• [Assignment]: Each line from the one containing "ЕРМАК Оплетка на" to the end of the material below is to be restated exactly, with pictures skipped.

** Extracted information follows **

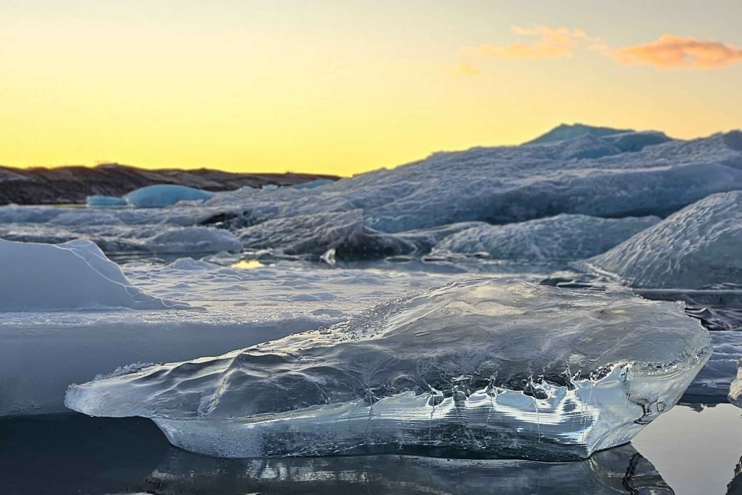 Nyd en privat og uforglemmelig rejse til Islands kronjuveler – den fantastiske Jökulsárlón-gletsjerlagune og den magiske Diamantstrand.
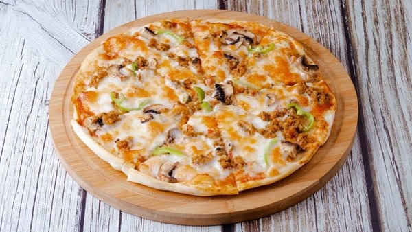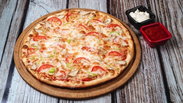 Sous, pendir, toyuq əti, kolbasa, sosiska, göbələk, bibər, pomidor, zeytun
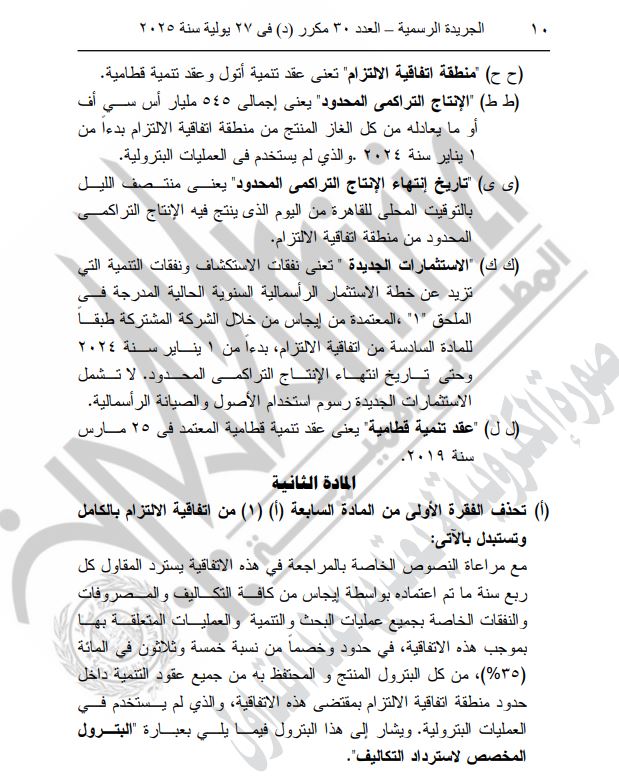 وفقًا للمادة الأولى من القانون، تُحدد "منطقة اتفاقية الالتزام" كأول وعقد تنمية قطاعية. وتوضح المادة الثانية أن "الإنتاج التراكمي المحدود" يبلغ إجماليه 450 مليار قدم مكعب أو ما يعادله من الغاز المنتج في المنطقة، بدءًا من 1 يناير 2024، ولا يستخدم في العمليات البترولية.
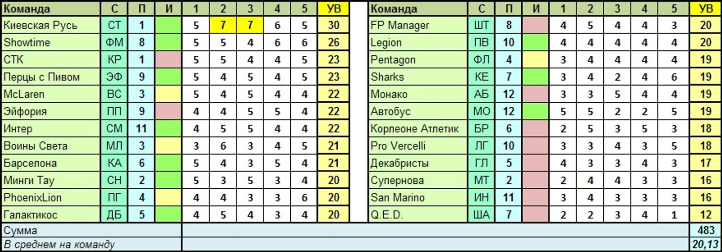 Прошу прощения за позднее превью, стал забывать, когда у нас туры. В принципе, все главные события отражены в титульном комиксе: “Киевская Русь” и СТК выдали огненный матч, первые взяли 30 УВ, вторые – 23, “Барселона” победила в матче с “Корлеоне Атлетик” благодаря в том числе варианту 20… Остальные – серость, пардон, просто шутка.
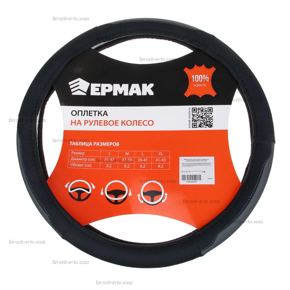 ЕРМАК Оплетка на руль, кожа PU, размер 38 см, перфорированная вставка, черно-серая |
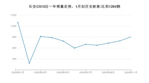 2020年11月,长安CS15销量为903辆,同比下降27.7%,环比增长14.02%。
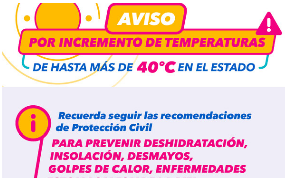 La Coordinación Estatal de Protección Civil (CEPC) emite una alerta preventiva ante el incremento de temperaturas, que oscilará desde los 28 hasta los 41 grados centígrados en las diversas regiones del estado a partir de este inicio de semana.
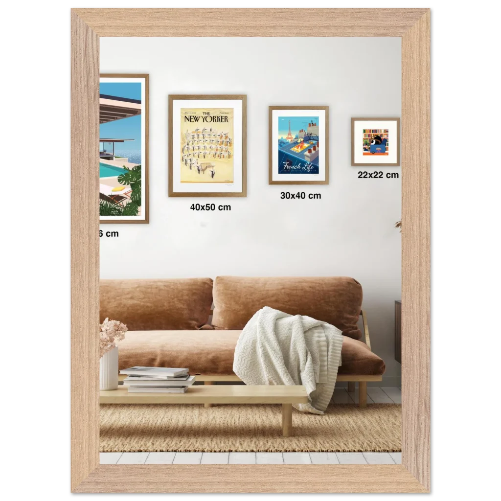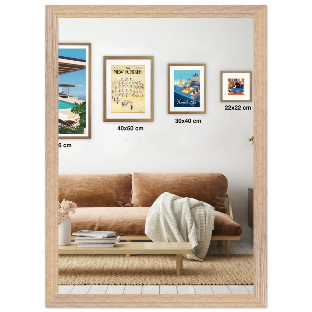 - Frame Color: Natural wood, black, and white, showcasing the distinct wood grain.

** End of Extracted information **

• [Task result]:
 ЕРМАК Оплетка на руль, кожа PU, размер 38 см, перфорированная вставка, черно-серая |
 2020年11月,长安CS15销量为903辆,同比下降27.7%,环比增长14.02%。
 La Coordinación Estatal de Protección Civil (CEPC) emite una alerta preventiva ante el incremento de temperaturas, que oscilará desde los 28 hasta los 41 grados centígrados en las diversas regiones del estado a partir de este inicio de semana.
 - Frame Color: Natural wood, black, and white, showcasing the distinct wood grain.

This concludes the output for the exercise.